We agree that work in the private sector is becoming more and more challenging as take-home earnings appear to be dwindling.
What is disturbing, however, is the claim that community pharmacies pose a competition with general medical practice by being "unscrupulous" because they "dish out" medication without prescription. Perhaps, it may serve as a reminder to state that community pharmacists are allowed by law to sell certain medications classified as "Group C" and "over the counter" without prescriptions.
They cannot, for one moment, be considered "unscrupulous". After all, they are trained to manage medication. Without the legal separation between the prescribing functions of doctors and dispensing functions of pharmacists, it can be understood that doctors' prescriptions given to community pharmacists are few and far in between. Hence, we cannot fault community pharmacists for doing what they are legally allowed to do, -- dispensing medication in the correct classifications without prescriptions. After all, they have a right to earn a decent living, just like doctors, after the hardwork during the demanding years in pharmacy school and considering the high cost of education.

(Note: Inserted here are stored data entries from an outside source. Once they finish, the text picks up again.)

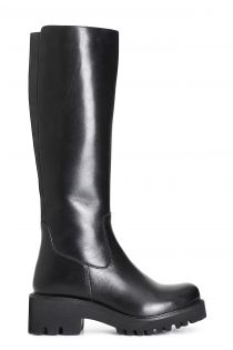 Women's leather boot with elastic on the back. 50mm high heel. the insole is in leather.
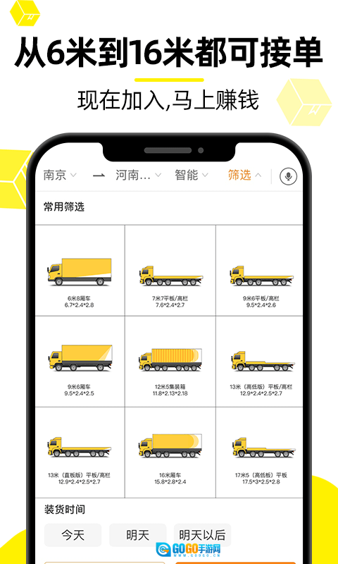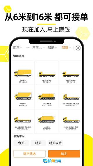 2、货车司机无需担忧车辆长短,6米至16米的车型都能接单,即刻加入,马上开启赚钱之旅。
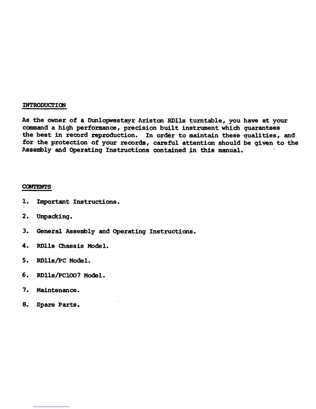 Ariston RD11s - Introduction; Contents
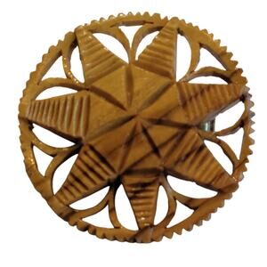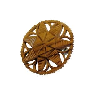 Vintage round brooch with hand-carved wood star and geometric pattern. Measures approx. 1.54". Lightweight and unique piece of folk art jewelry with metal pin clasp.
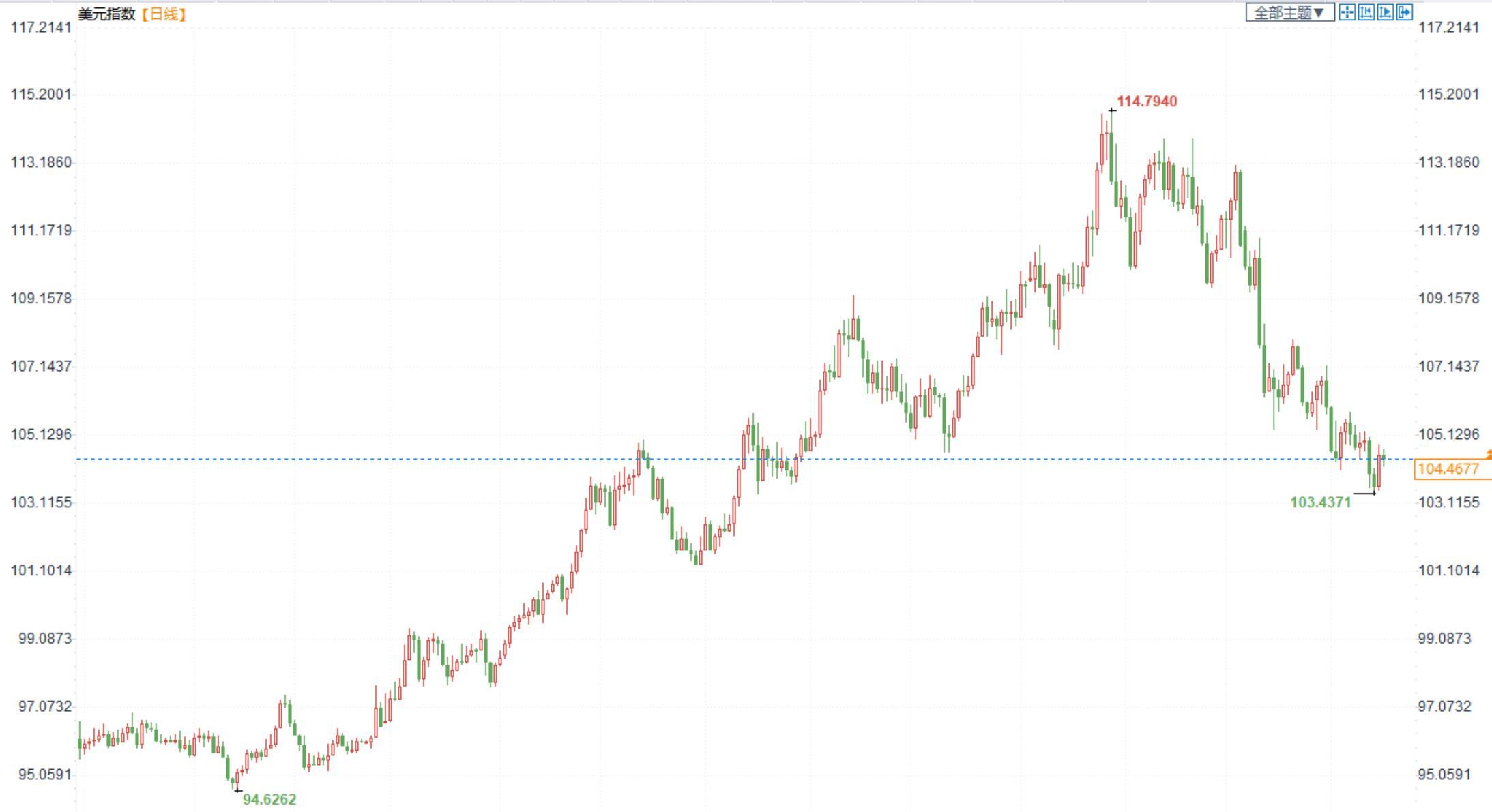 美元指数震荡回落,美国通胀放缓给美元压力,美联储放缓升息步伐
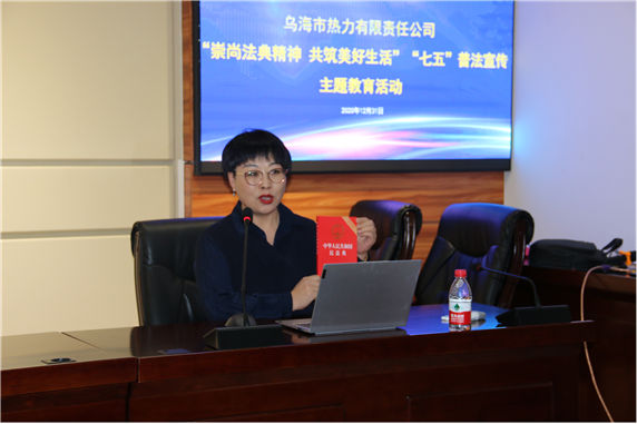 為了更好地普及法律知識,總結公司“七五”普法工作,進一步提升公司職工的法律意識,12月31日下午,烏海市熱力有限責任公司開展“崇尚法典精神 共筑美好生活”“七五”普法宣傳主題教育活動。熱力公司領導班子成員、環(huán)節(jié)干部、機關全體工作人員、窗口全體工作人員、分公司客服人員近100余人參加活動,活動特邀烏海市濟海侓師事務所楊海嵐律師做民法典重點內容解讀。
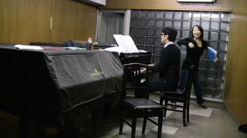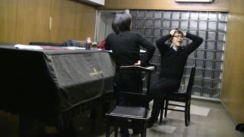 今回も伴奏してくれる田中さん、ごめんね・・・(私信)しかも今回は伴奏だけじゃなく、演技までさせて、ピアニスト泣かせの異名は更新中って感じですか(苦笑)

Furthermore, it cannot be fathomed what exactly is meant by "simplistic point of care" offered. Community pharmacists are expected to provide pharmaceutical care through drug and lifestyle counselling. Their roles have been expanded by the need to promote a healthy lifestyle.
This is deemed to be the expanded role of all healthcare providers whether they be doctors, dental surgeons, nurses or paramedics. In fact, many community pharmacies have been certified smoking cessation service providers through a training programme conducted jointly by the Health Ministry and Malaysian Pharmaceutical Society.
This new role for all healthcare providers demands continuing professional development and certainly leaves no room for simpletons.
While taking cognizance of the fact that general practitioners need to work increasingly harder to cover the rising cost of living, it must be acknowledged that community pharmacists do not have it easy either.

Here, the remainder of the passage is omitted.